Now, BLUP for $\mathbf{\beta_{-j}}$, where observation $j$ is
left out, can be obtained as

$$
\mathbf{\hat{\beta}}_{-j}=
\left(\mathbf{X}_{-j}'\mathbf{X}_{-j}+\mathbf{I}\lambda\right)^{-1}\mathbf{X}_{-j}'
    \mathbf{y}_{-j},\label{eq:PRESS1-1} \tag{1}
$$

where $\mathbf{X}_{-j}$ is $\mathbf{X}$ with the $j$th
row removed and $\mathbf{y}_{-j}$ is $\mathbf{y}$ with the
$j$th element removed.

But, from the matrix inverse lemma,

$$
\begin{align}
\left(\mathbf{X}_{-j}'\mathbf{X}_{-j}+\mathbf{I}\lambda\right)^{-1} & =\left(\mathbf{X}'\mathbf{X}+\mathbf{I}\lambda-\mathbf{x}_{j}\mathbf{x}_{j}^{'}\right)^{-1}\nonumber \\
 & =\left(\mathbf{X}'\mathbf{X}+\mathbf{I}\lambda\right)^{-1}-\frac{\left(\mathbf{X}'\mathbf{X}+\mathbf{I}\lambda\right)^{-1}\mathbf{x}_{j}\mathbf{x}_{j}^{'}\left(\mathbf{X}'\mathbf{X}+\mathbf{I}\lambda\right)^{-1}}{1-H_{jj}},\label{eq:PRESS2-1} \tag{2}
\end{align} 
$$

where the quadratic $H_{jj}=\mathbf{x}_{j}^{'}\left(\mathbf{X}'\mathbf{X}+\mathbf{I}\lambda\right)^{-1}\mathbf{x}_{j}$
is the $j$th diagonal element of $\mathbf{H}=\mathbf{X}\left(\mathbf{X}'\mathbf{X}+\mathbf{I}\lambda\right)^{-1}\mathbf{X}^{'}$.

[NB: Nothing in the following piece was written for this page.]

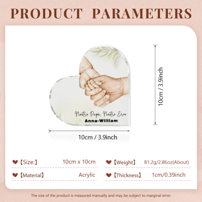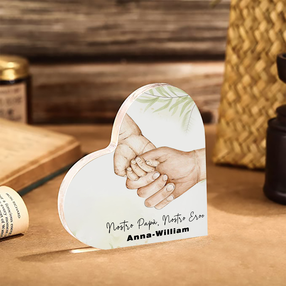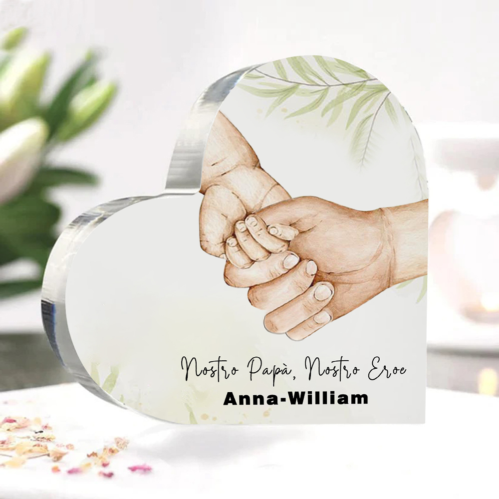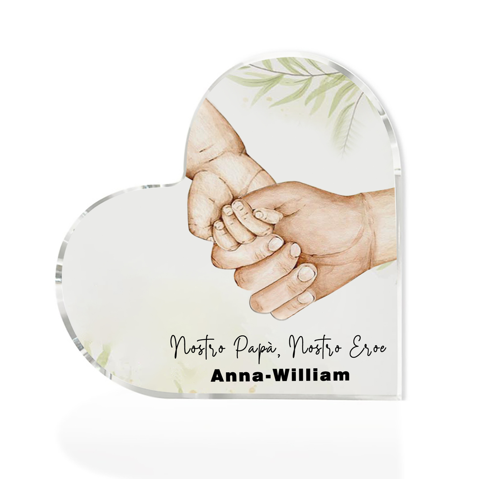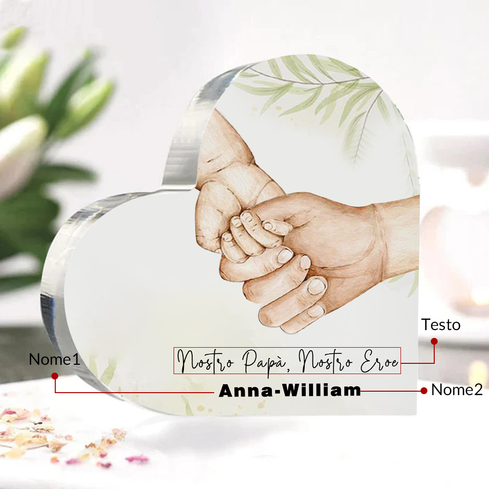 Nostro papà nostro eroe-Deco acrilico cuore mano nella mano per papà 2 nomi e 1 testo personalizzabili
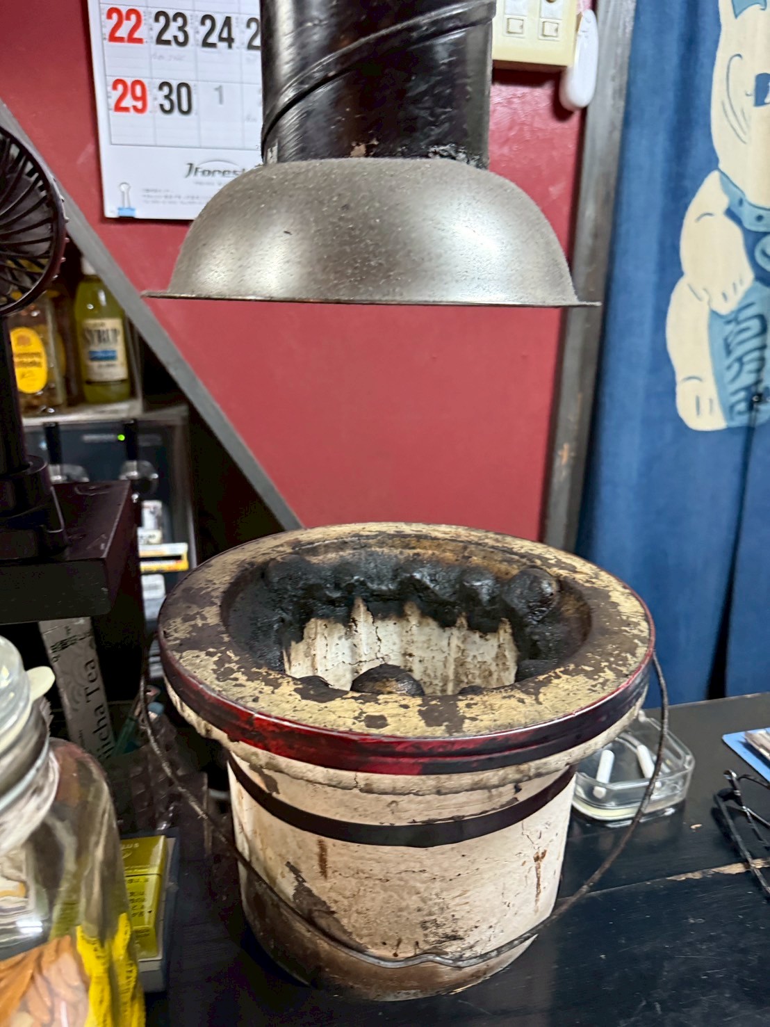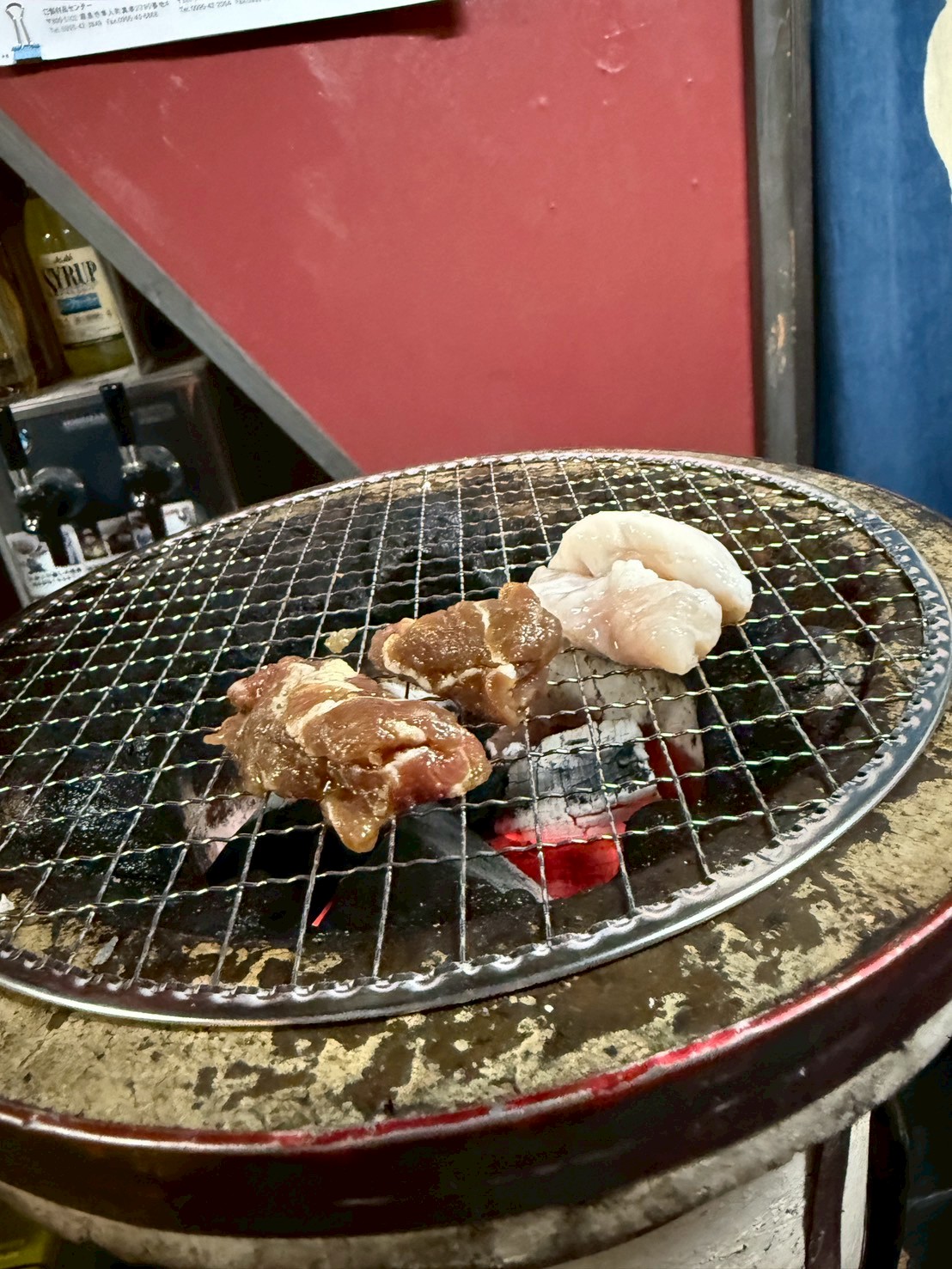 使い込まれた七輪にこれから炭が投入されて、網の上でホルモンが焼ける

Using (\ref{eq:PRESS2-1}) in (\ref{eq:PRESS1-1}), the prediction
residual for the $j$th observation can be written as 

$$
\begin{align*}
\hat{e_{j}} & =y_{j}-\mathbf{x}_{j}^{'}\hat{\mathbf{\beta}}_{-j}\\
 & =y_{j}-\mathbf{x}_{j}^{'}\left[\left(\mathbf{X}'\mathbf{X}+\mathbf{I}\lambda\right)^{-1}-\frac{\left(\mathbf{X}'\mathbf{X}+\mathbf{I}\lambda\right)^{-1}\mathbf{x}_{j}\mathbf{x}_{j}^{'}\left(\mathbf{X}'\mathbf{X}+\mathbf{I}\lambda\right)^{-1}}{1-H_{jj}}\right]\mathbf{X}_{-j}'\mathbf{y}_{-j}\\
 & =\frac{y_{j}-\mathbf{x}_{j}^{'}\hat{\mathbf{\beta}}}{1-H_{jj}}.
\end{align*}
$$

Then PRESS is calculated as $\sum_{j=1}^{n}\hat{e_{j}}^{2}$. 
The accuracy
of genomic prediction is often quantified as the correlation between
the predicted and observed values of $y_{j}$, and this correlation
can be estimated from the values of $\hat{y}_{j}$ efficiently computed
as $\hat{y}_{j}=y_{j}-\hat{e}_{j}$ and the observed values of $y_{j}.$

## Breeding Value Model

When $n < k$, $\mathbf{x}_{j}'\hat{\mathbf{\beta}}$ can be obtained more efficiently by solving the mixed model equations (MME) for the BVM: 
$$
\begin{align*}
\mathbf{y} & =\mathbf{Zu}+\mathbf{e},
\end{align*}
$$

where $\mathbf{u}=\mathbf{X}\mathbf{\beta}$,  $\text{Var}\left(\mathbf{u}\right)=\mathbf{XX'}\sigma_{\beta}^{2}$, and $\mathbf{Z}$ is the identity matrix of order $k$. As in the MEM, in this model also $\text{E}(\mathbf{y}) = \mathbf{0}$, and in both models $\text{Var}(\mathbf{y}) = \mathbf{X}\mathbf{X}'\sigma_{\beta}^{2}+\mathbf{I}\sigma_{e}^{2}$. Thus, these two models are said to be equivalent, and yield identical pedictions.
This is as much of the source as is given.